Toxicology and Toxicity Levels

• Acute Toxicity: Effects occurring within minutes to hours after exposure.

• Subacute Toxicity: Effects occurring after repeated exposures over several days.

• Chronic Toxicity: Effects occurring over months to years. This happens when the rate of exposure exceeds the rate of elimination.

• Environmental Toxicology: Studies the adverse effects of chemicals (e.g., drugs dumped in rivers) on life and the environment.

The New Drug Development Process

1. Preclinical Research: ($1$ to $3$ years) Involves drug design, animal screenings, and evaluations for toxicity and pharmacokinetic properties.

2. Clinical Research and Development: ($2$ to $10$ years)

   • Phase 1: Tested on normal/healthy volunteers.

   • Phase 2 & 3: Tested on patients with the actual condition.

3. New Drug Application (NDA): ($2$ months to $7$ years) Submission and approval phase.

4. Phase 4 (Post-Marketing Research): Observation of the drug's effects on the general population. Data is gathered via inspection reports, surveys, sampling, and testing to decide if the drug remains on the market.

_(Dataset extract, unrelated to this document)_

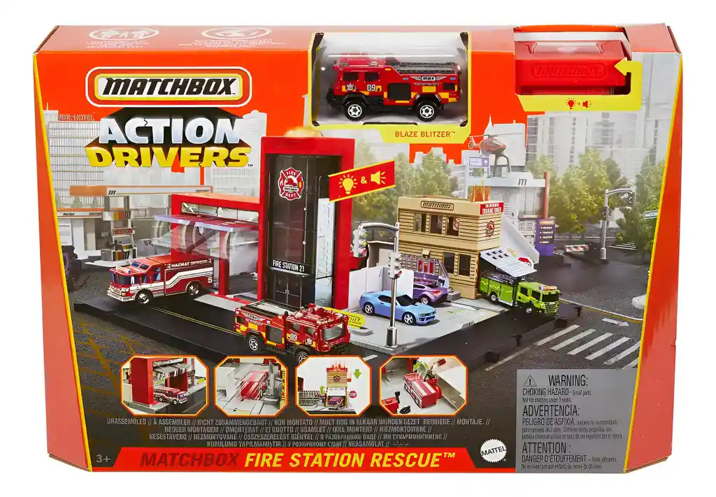 America Store te trae Set Pista Matchbox Action Drivers Coleccion Vehículos De Mattel Fire Station Los Matchbox y Hot Wheels Action Drivers llevan la emoción del juego a otro nivel, combinando detalles realistas, funciones interactivas y la posibilidad de construir una ciudad completa llena de acción. Cada set está diseñado para que los niños se conviertan en verdaderos conductores, viviendo aventuras dinámicas en escenarios que parecen cobrar vida. Cada pista incluye estructuras cuidadosamente diseñadas: gasolineras, talleres mecánicos, restaurantes, estaciones de rescate y mucho más. Los pequeños conductores no solo juegan a correr autos, sino que también experimentan situaciones del día a día, estimulando la imaginación y el juego de roles.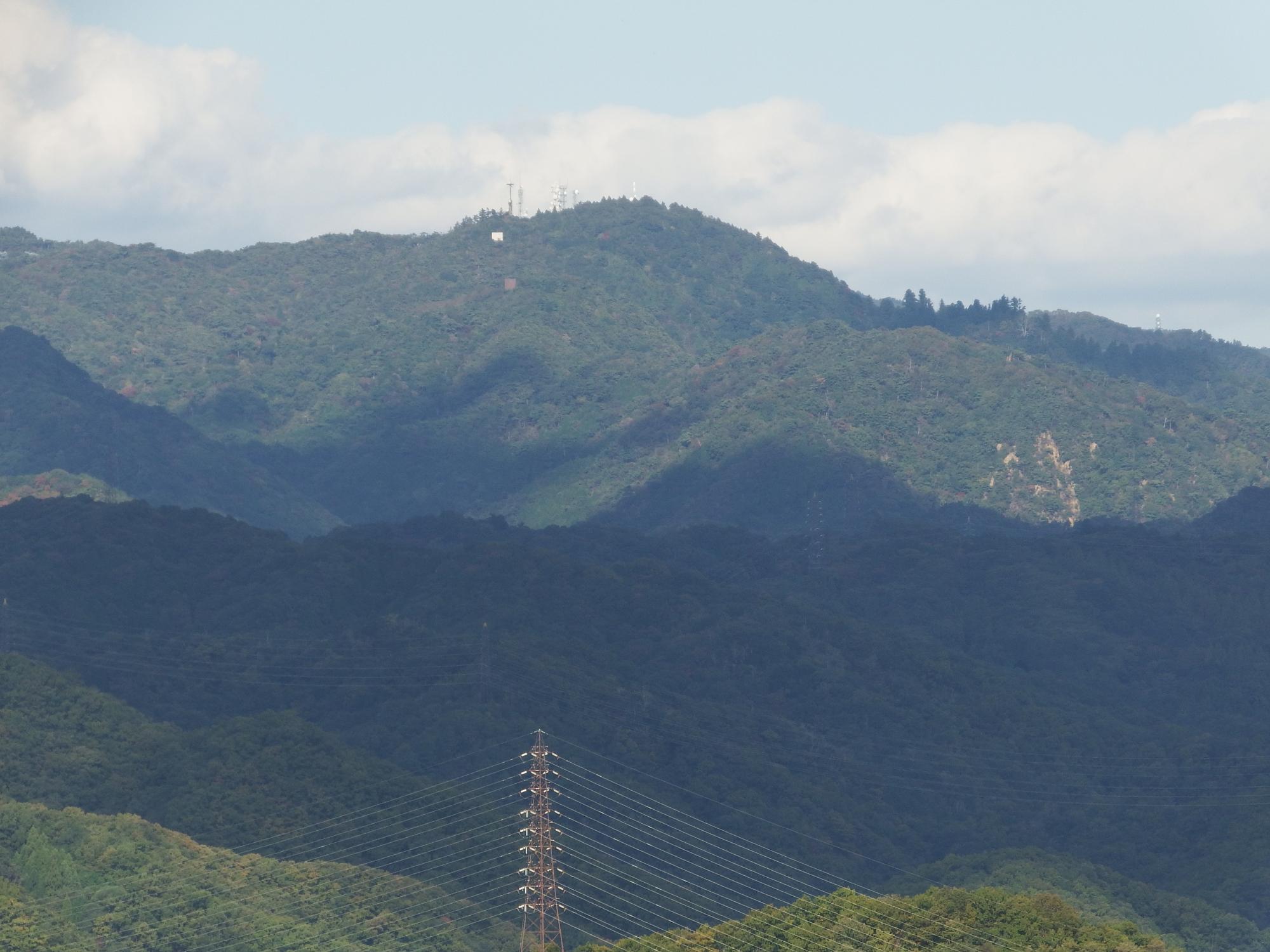真ん中の2本の高層ビルの、右側のビルの向こうのなだらかなピークが大原山、その間に自分ちがあります。ここからほぼ真西に大原山山頂まで50km、自分ちまで36kmです。

Controlled Substance Schedules (US)

• Schedule I: Highest potential for abuse; no accepted therapeutic usage (e.g., Heroin, LSD, mushroom extracts).

• Schedule II: High probability for abuse; accepted therapeutic use with close restrictions (e.g., Morphine, Methadone, Amphetamines, Barbiturates).

• Schedule III: Lower potential for abuse than I or II; therapeutic usage; low potential for physical dependence but high potential for psychological dependence.

• Schedule IV: Even lower potential for abuse and reduced potential for dependency (e.g., Diazepam).

• Schedule V: Lowest potential for abuse and dependency (e.g., certain Opiums and Atropinates).